The Crimean Crisis and the Future of Russian Outward Foreign Direct Investment
Baltic Rim Economies – Bimonthly Economic Review, No 4/2014, pp. 24–26
3 Pages Posted: 1 Nov 2014
Date Written: October 31, 2014
Abstract
This article looks at the fallout of the Ukrainian/Crimean crisis for the foreign economic relations of the Russian Federation, including outward foreign direct investment (FDI). It notes the multiplicity of interests such policies have to satisfy. One of them is the protection of Russian interest, real or perceived, in the wider European region. Recent events leading to open conflicts in the Crimea and Eastern Ukraine can be indeed explained as a clash between Russia and the West about the future of these Ukrainian regions in the international division of labour.
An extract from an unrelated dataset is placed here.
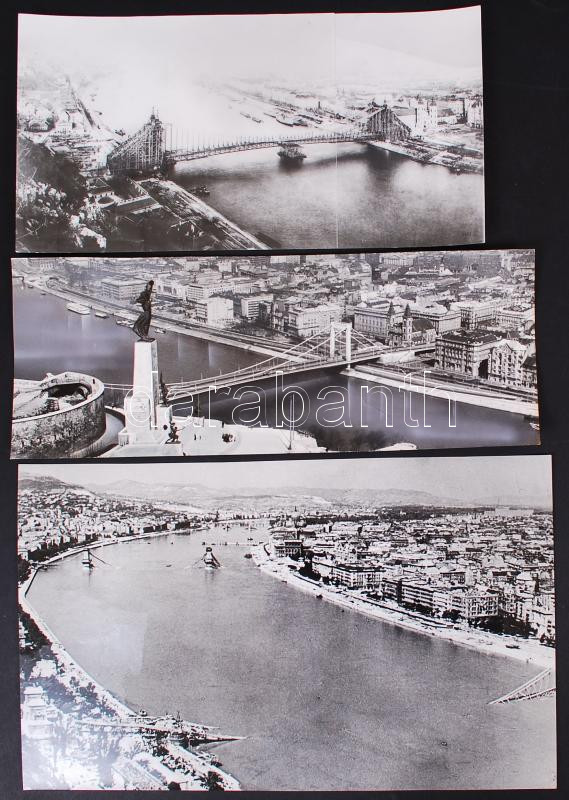 Description: 1901-1965 Az Erzsébet hidak története három panoráma képen; 1901 építés közben (repró) 18x35 cm; 1944 felrobbantva, 24x39; 1965 az átadott új Erzsébet híd, amerikai retussal feljavítva, 15x39 cm
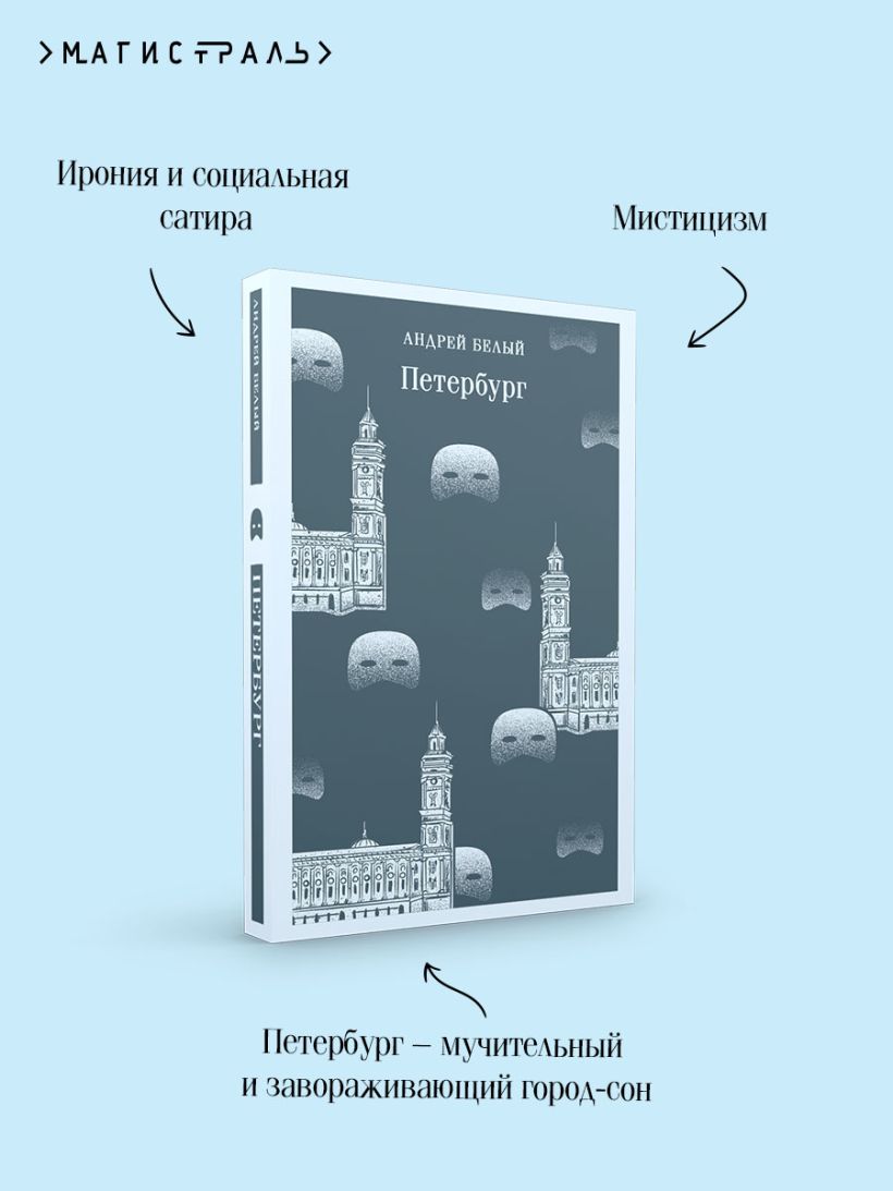 Петербург в одноименном романе — мучительный и завораживающий, город-сон, город-галлюцинация, он же является и главным героем произведения. На фоне величественной архитектуры сталкиваются людские судьбы. Революционеру Николаю Аполлоновичу Аблеухову поручено страшное дело — убить своего отца-сенатора.

This article argues that the economic consequences for Russia are mostly negative, both in general terms, and concerning the interests of Russian outward FDI. In the latter case, the impact goes beyond the economic sanctions, initiated by the European Union and the United States. General Assembly Resolution 68/262 indicates that the majority if international community has taken its distance from the Russian point of view, and can consider measures much softer than sanctions in three areas: merger control (blocking the acquisition of “strategic” assets), access to finance (banking); and anti-corruption measures.